The parallel trajectories of SGLang and vLLM underscore how Stoica’s lab has become a pipeline for commercial AI infrastructure ventures. Databricks itself emerged from his work on Apache Spark, and the pattern is repeating in the era of generative AI: build a powerful open source engine, attract a developer community, then spin out a company to offer managed services and enterprise features.

For RadixArk, the open source SGLang project remains central. The company continues to develop SGLang as a freely available AI model engine, while layering commercial offerings on top. One of those is Miles, a specialized framework for reinforcement learning.

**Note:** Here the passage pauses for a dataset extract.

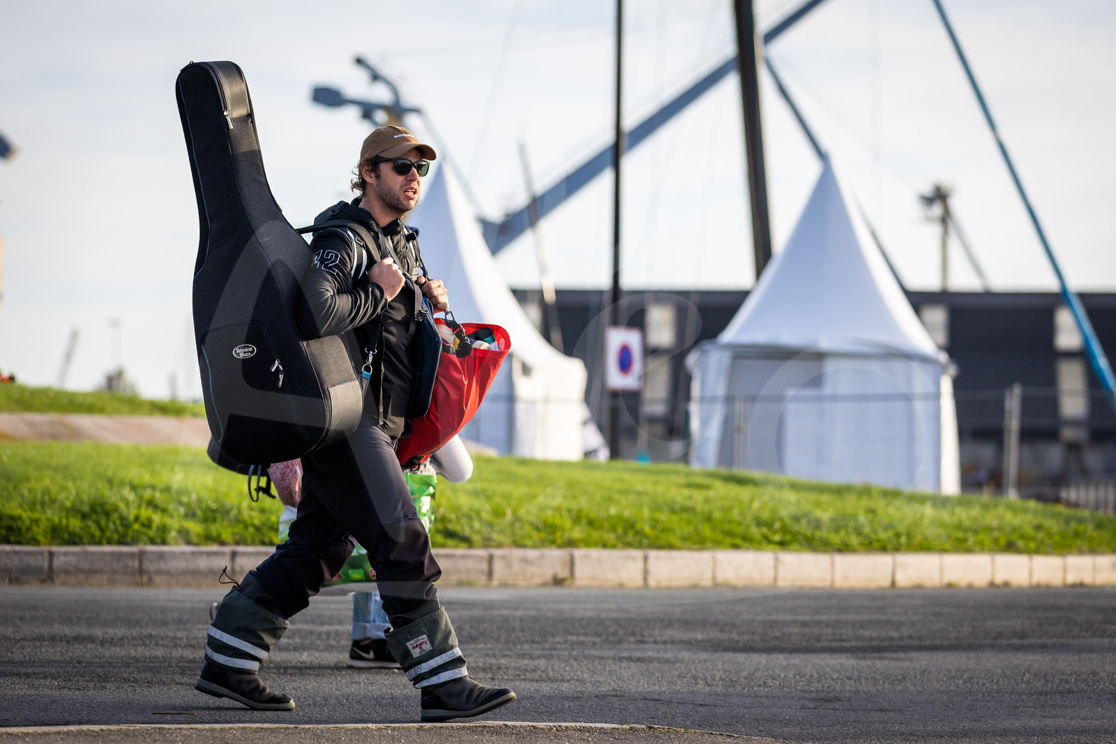 | Description | SAINT-MALO, FRANCE - NOVEMBRE 9 : Mieux, skipper Arthur Le Vaillant, is arriving with his guitar before start of La Route du Rhum - Destination Guadeloupe 2022 on November 9, 2022, in Saint-Malo, France. (photo Jean-Marie LIOT / AleA) |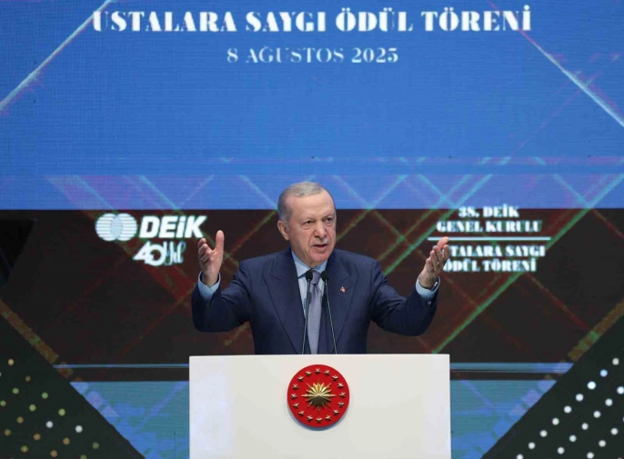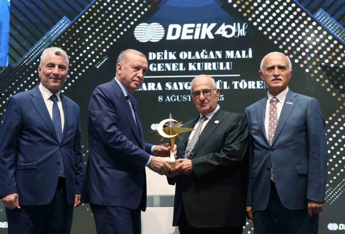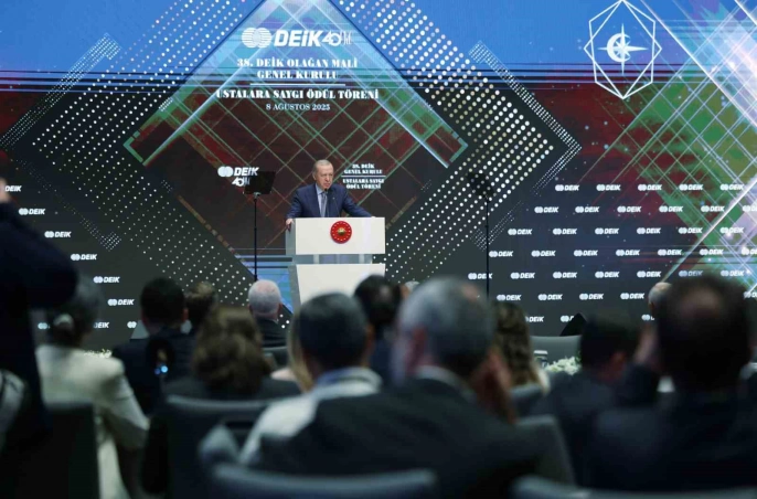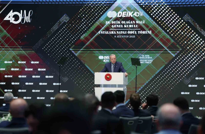 Cumhurbaşkanı Recep Tayyip Erdoğan, İstanbul'da düzenlenen Dış Ekonomik İlişkiler Kurulu (DEİK) 38. Olağan Mali Genel Kurulu ve Ustalara Saygı Ödül Töreni Programı’na katılarak ekonomi ve siyasete ilişkin önemli açıklamalarda bulundu. Erdoğan, DEİK çalışmalarını tebrik ederek merhum Turgut Özal'ı anarak, DEİK'in 40. yılını kutladı ve kuruluşun büyümesini vurguladı. Konuşmasında, DEİK'in Türk iş dünyasının uluslararası alandaki lokomotif kuruluşu olduğunu ve 5 bine yakın üye sayısıyla dünyanın dört bir yanına ulaştığını belirtti.

Miles is designed to help organizations train models that can improve over time based on feedback and interaction, a capability that is increasingly important for applications like autonomous agents, recommendation systems, and adaptive copilots.

Most of RadixArk’s tools are still free to use, but the company has begun charging for hosting and managed services, according to a person familiar with its plans. That model mirrors the playbook of many successful open source infrastructure companies: keep the core project open to maximize adoption, then monetize through cloud offerings, support, and advanced features.

The timing for such a strategy appears favorable. Inference infrastructure has become one of the hottest segments in AI investing as the industry shifts from proof-of-concept experiments to large-scale deployment. While model training remains capital intensive, the recurring cost of serving models to millions of users is what determines long-term margins for AI-native businesses.

Investors are betting heavily that the companies that can make inference cheaper, faster, and more reliable will capture a significant share of that value. Baseten, which provides tools and infrastructure for deploying AI models, recently raised a large round at a multibillion-dollar valuation. Fireworks AI, another inference-focused startup, has also secured hundreds of millions of dollars in funding at a multibillion-dollar valuation.

These companies, along with RadixArk and vLLM, are competing to become the default layer that developers reach for when they need to serve models in production. Some focus on providing a full-stack platform, while others concentrate on the low-level performance optimizations that can be integrated into existing workflows. All are chasing the same underlying opportunity: the explosion of demand for inference capacity as generative AI moves into mainstream products.

RadixArk’s $400 million valuation suggests that investors see SGLang as a credible contender in that race. Its roots in a respected academic lab, its early adoption by high-profile AI teams, and its dual focus on open source and commercial offerings give it a familiar but powerful narrative in the infrastructure world.